2023-04-26 13:16:34

by Zhang Yi

[permalink] [raw]
Subject: [PATCH] jbd2: recheck chechpointing non-dirty buffer

From: Zhang Yi <[email protected]>

There is a long-standing metadata corruption issue that happens from
time to time, but it's very difficult to reproduce and analyse, benefit
from the JBD2_CYCLE_RECORD option, we found out that the problem is the
checkpointing process miss to write out some buffers which are raced by
another do_get_write_access(). Looks below for detail.

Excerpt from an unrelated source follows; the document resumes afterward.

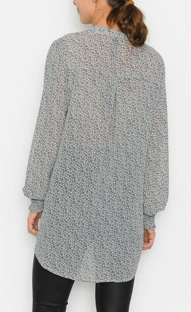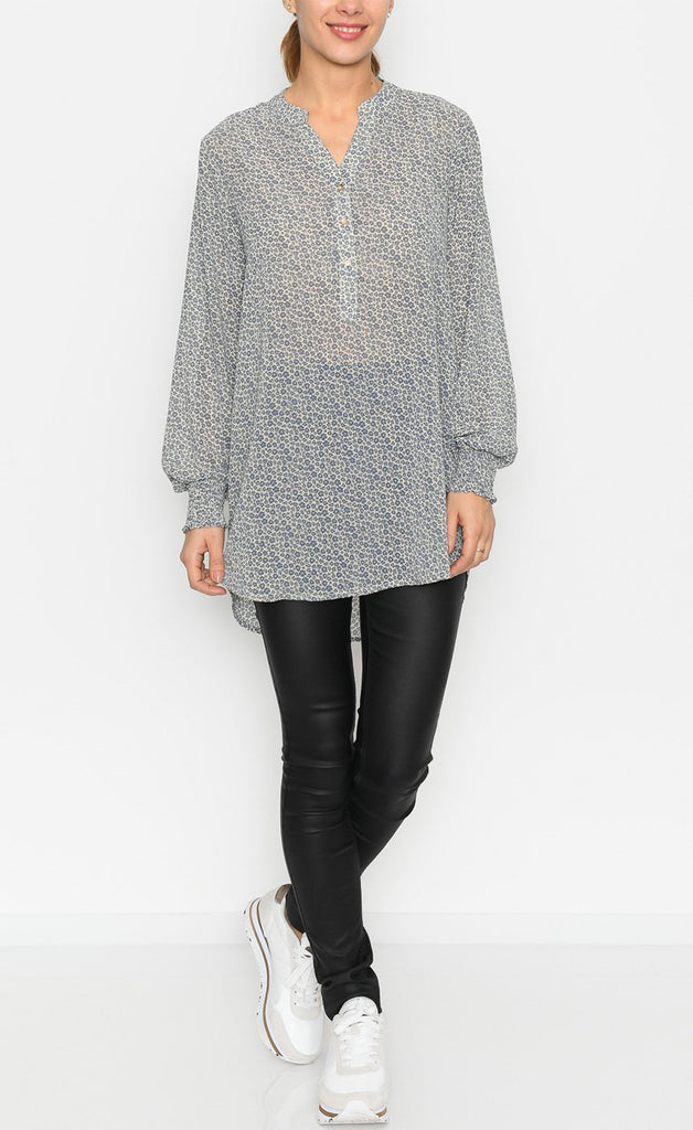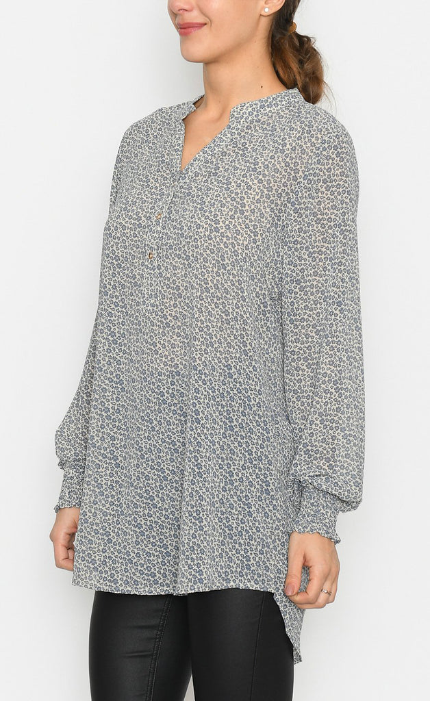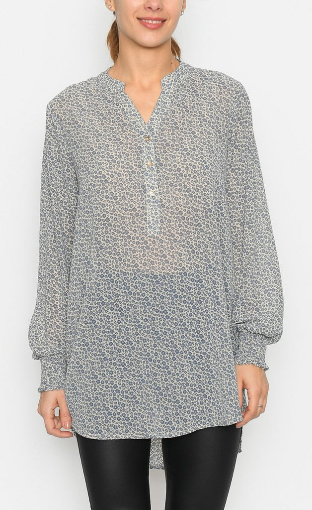 Blússan er hneppt að ofan með v-hálsmáli og teygju á ermum.

jbd2_log_do_checkpoint() //transaction X
//buffer A is dirty and not belones to any transaction
__buffer_relink_io() //move it to the IO list
__flush_batch()
write_dirty_buffer()
do_get_write_access()
clear_buffer_dirty
__jbd2_journal_file_buffer()
//add buffer A to a new transaction Y
lock_buffer(bh)
//doesn't write out
__jbd2_journal_remove_checkpoint()
//finish checkpoint except buffer A
//filesystem corrupt if the new transaction Y isn't fully write out.

The fix is subtle because we can't trust the chechpointing buffers and
transactions once we release the j_list_lock, they could be written back
and checkpointed by some others, or they could have been added to a new
transaction. So we have to re-add them on the checkpoint list and
recheck their status if they are clean and don't need to write out.

Cc: [email protected]
Signed-off-by: Zhang Yi <[email protected]>
Tested-by: Zhihao Cheng <[email protected]>
---
fs/jbd2/checkpoint.c | 52 +++++++++++++++++++++++++++++++++++++++++---
1 file changed, 49 insertions(+), 3 deletions(-)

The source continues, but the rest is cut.